Da seguire: Area euro: – Le vendite di case esistenti ad aprile sono previste in aumento a 5,7 milioni di unità ann. (+6,5% m/m), dopo l’aumento di +6,8% m/m di marzo. La serie aveva visto contrazioni da dicembre a febbraio, dopo….
il balzo visto nel periodo fra settembre e novembre, legato alla prima scadenza degli incentivi agli acquisti. I contratti di compravendita hanno registrato forti aumenti negli ultimi mesi. Gli incentivi fiscali scadono a fine aprile per quanto riguarda i contratti di compravendita, mentre la finalizzazione degli acquisti deve avvenire entro il 30 giugno. Pertanto il rimbalzo delle vendite potrebbe proseguire su ritmi elevati per via degli incentivi fino alla fine del 2° trimestre.
I market mover della settimana
Nell’area euro, con le survey ISAE italiana e INSEE francese proseguirà la tornata di indagini di fiducia relative al mese di maggio. Si potrebbe vedere una stabilizzazione dopo il balzo di aprile, dovuta alle turbolenze sui mercati finanziari e al profilarsi di misure correttive sui conti pubblici in diversi paesi; il trend resterebbe per ora quello di un recupero dai minimi di oltre un anno fa. L’inflazione tedesca è vista in salita soltanto marginale a maggio. Infine, la spesa per consumi in Francia sarà trascinata al ribasso dal calo delle vendite di auto.
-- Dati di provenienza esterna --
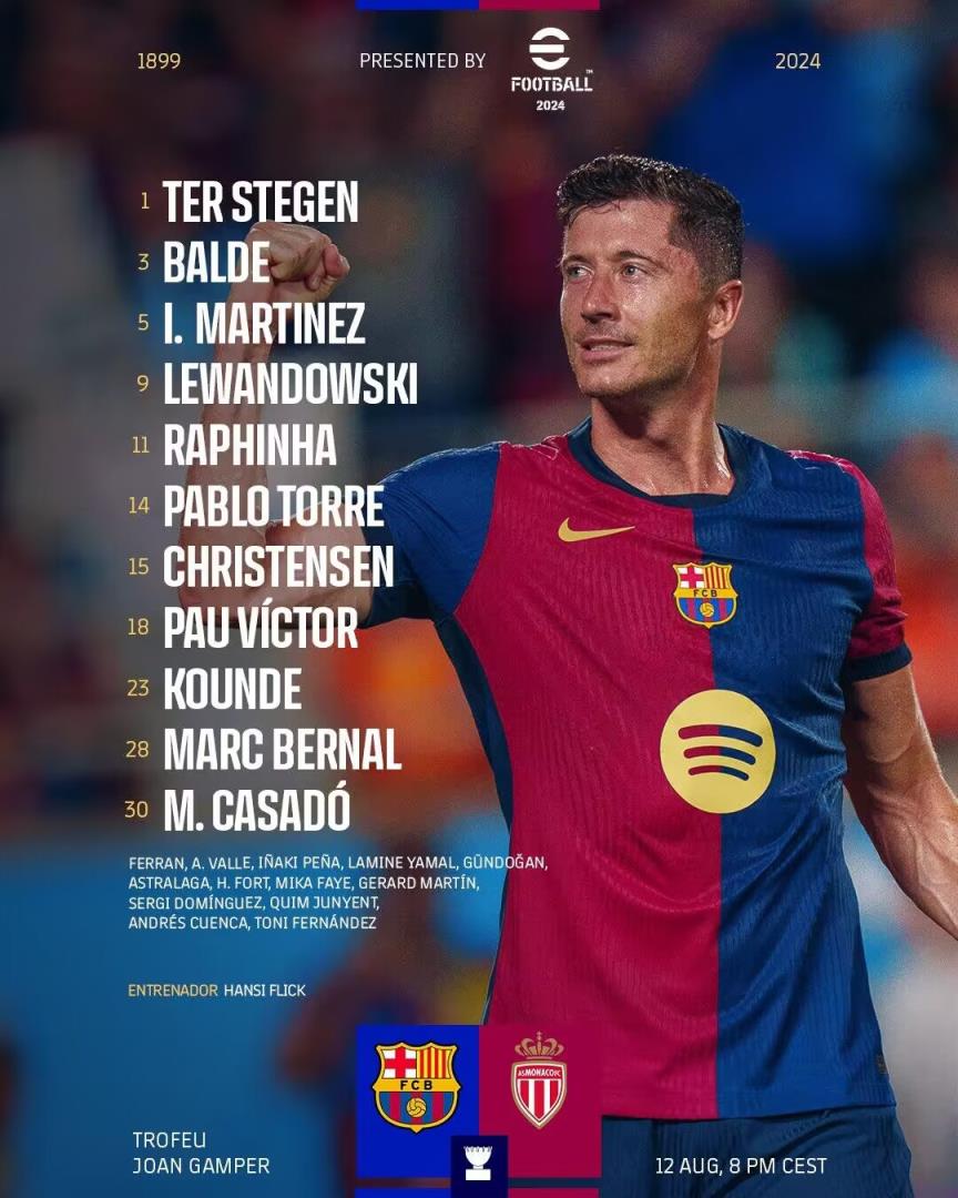 8月13日讯 甘伯杯,巴萨对阵摩纳哥。赛前,官方公布了本场的首发名单。
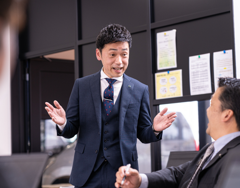 営業スタッフとして働いていた頃から、こうだったらいいのにという仕事の進め方への意見は持ち続けていて、上司にもよく相談していた方だと思います。西九州マツダはそういった意見を発言しやすく、良いアイデアはすぐに取り入れる企業です。自分がマネジメントする側になっても、同じように声をあげてほしいというスタンスですし、それはマネージャー以下のスタッフも例外ではありません。仕事の中で、素直に感じたことを提案する気持ちを尊重します。

Negli Stati Uniti, le vendite di case di aprile dovrebbero proseguire sul trend verso l’alto influenzato dagli incentivi fiscali; gli ordini di beni durevoli dovrebbero aumentare ad aprile dopo il calo di marzo. La seconda stima del PIL dovrebbe mostrare una modesta revisione verso l’alto per il 1° trimestre. La fiducia delle famiglie a maggio è prevista in modesto aumento.
Venerdì sui mercati
Indice VIX in calo a 40 da 45,7% sul rimbalzo degli indici azionari mondiali. Persistono le tensioni sugli spread nella zona euro, in un contesto di netto calo dei rendimenti sulla curva tedesca. Rimbalzo dei rendimenti sugli UST, con appiattimento della curva (10-2 anni: -4pb). L’euro ha chiuso la giornata sopra 1,25 e la modesta flessione di questa mattina finora non si è estesa oltre 1,2482. In ripresa sul dollaro anche la sterlina (1,4495), mentre lo yen (il maggior beneficiario del flight to quality nei giorni scorsi) cede terreno.
Area euro
PMI composito e IFO tedesco hanno confermato le indicazioni per una battuta d’arresto della fiducia a maggio che erano giunte dalla survey ZEW. Assai probabile è che abbia pesato la crisi sul debito pubblico che sta colpendo l’Eurozona. Il PMI composito è sceso per la prima volta dopo tre aumenti consecutivi, in quanto la salita nel settore dei servizi è stata più che compensata dal calo nel manifatturiero. Tuttavia, l’indice resta su un livello coerente con incrementi del PIL dell’ordine di 0,8% t/t, ben al di sopra dello 0,2% registrato nei primi tre mesi dell’anno. Confortante poi il ritorno in territorio lievemente espansivo (50,4), per la prima volta dopo oltre due anni, della componente occupazione. L’IFO tedesco è rimasto circa stabile a maggio (101,5 da 101,6). Infatti, come previsto si è verificato un marginale miglioramento della situazione corrente a fronte di un calo delle attese. Anche in questo caso però occorre ricordare che il livello dell’indice rimane coerente con un’accelerazione della ripresa tedesca nei mesi primaverili dopo il modesto 0,2% t/t di fine 2009 e inizio 2010.